Scientific classification
- Kingdom: Animalia
- Phylum: Chordata
- Class: Actinopterygii
- Order: Gymnotiformes
- Family: Apteronotidae
- Subfamily: Apteronotinae
- Genus: Pariosternarchus Albert & Crampton, 2006
- Species: P. amazonensis
- Binomial name: Pariosternarchus amazonensis Albert & Crampton, 2006

= Pariosternarchus =

- Authority: Albert & Crampton, 2006
- Conservation status: LC
- Parent authority: Albert & Crampton, 2006

Genus of fishes

Pariosternarchus is a monospecific genus of freshwater ray-finned fish belonging to the family Apteronotidae, the ghost knifefishes, the only species in the genus is Pariosternarchus amazonensis. It is found in the main channel of the Amazon River in Brazil and Peru, likely near the bottom in deep, fast-moving water. This species is characterized by a wide head with a flat bottom, and very large sensory canals along the lower jaw. Like several other knifefishes found in deep river channels, it has reduced eyes, scales, and body pigmentation.

==Taxonomy==
Ichthyologists James S. Albert and William G.R. Crampton described P. amazonensis in 2006, in the scientific journal Ichthyological Exploration of Freshwaters; the type specimen is a 12.1 cm long fish caught near the municipality of Alvarães in the Brazilian state of Amazonas. The authors coined for it the new genus Pariosternarchus, from the Greek pario ("cheek", referring to the wide head), and sternon + archos ("chest" + "rectum", a commonly used name for apteronotids that refers to the anterior position of the urogenital opening). From morphological similarities, P. amazonensis is thought to belong to the navajini, an informal taxonomic group of apteronotids adapted to fast-flowing, large rivers, with the genus Sternarchella being its closest relatives.

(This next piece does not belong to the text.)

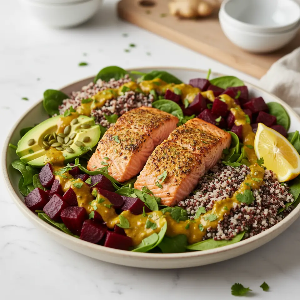 - Assemble the bowls: Divide the baby spinach or mixed greens between two serving bowls. Top with cooked quinoa, roasted beets, and flaked salmon. Garnish with sliced avocado and a sprinkle of pumpkin seeds. Drizzle generously with the Zesty Turmeric-Ginger Dressing.

==Distribution and habitat==
Pariosternarchus amazonensis occurs in the Amazon River, along the Rio Solimões in Brazil from the confluence of the Rio Japurá to the confluence of the Rio Madeira, and near the city of Iquitos in Peru. It can be found in deep river channels, flooded beaches, and the mouths of large whitewater tributaries.

==Description==
Pariosternarchus amazonensis has a wide head, measuring up to a seventh as wide as long, with a completely flat ventral surface. The mouth is small and slung beneath the moderately long snout; conical teeth are present in both jaws. The sensory canals along the mandible are highly expanded. P. amazonensis is laterally compressed with a short body cavity. Like other members of its family, it has a long anal fin, a minute caudal fin, no pelvic or dorsal fins, and an electroreceptive dorsal appendage that originates about halfway along the back. There are 155-168 anal fin rays, 14-15 pectoral fin rays, and 16-17 caudal fin rays. The scales are large and diamond-shaped, with 6-8 rows above the lateral line but not reaching the upper surface of the head and body. Virtually unpigmented aside from tiny chromatophores speckling the bottom of the head and branchiostegal membranes, P. amazonensis is uniformly white-pink with translucent fins. The largest known specimen is 15.2 cm long.

==Biology and ecology==
The highly compressed form, small eyes, and reduced scales and coloration of P. amazonensis are consistent with living in deep (up to 25 m), fast-moving waters in large rivers. Its broad, flat-bottomed head and small, subterminal mouth suggest that it is a benthic forager. P. amazonensis is presumably capable of producing an electric field for electrolocation and communication like all other gymnotiforms, though its electric organ discharge (EOD) has not been described.

==Human interactions==
The conservation status of P. amazonensis has been evaluated as Least Concern by the International Union for Conservation of Nature (IUCN).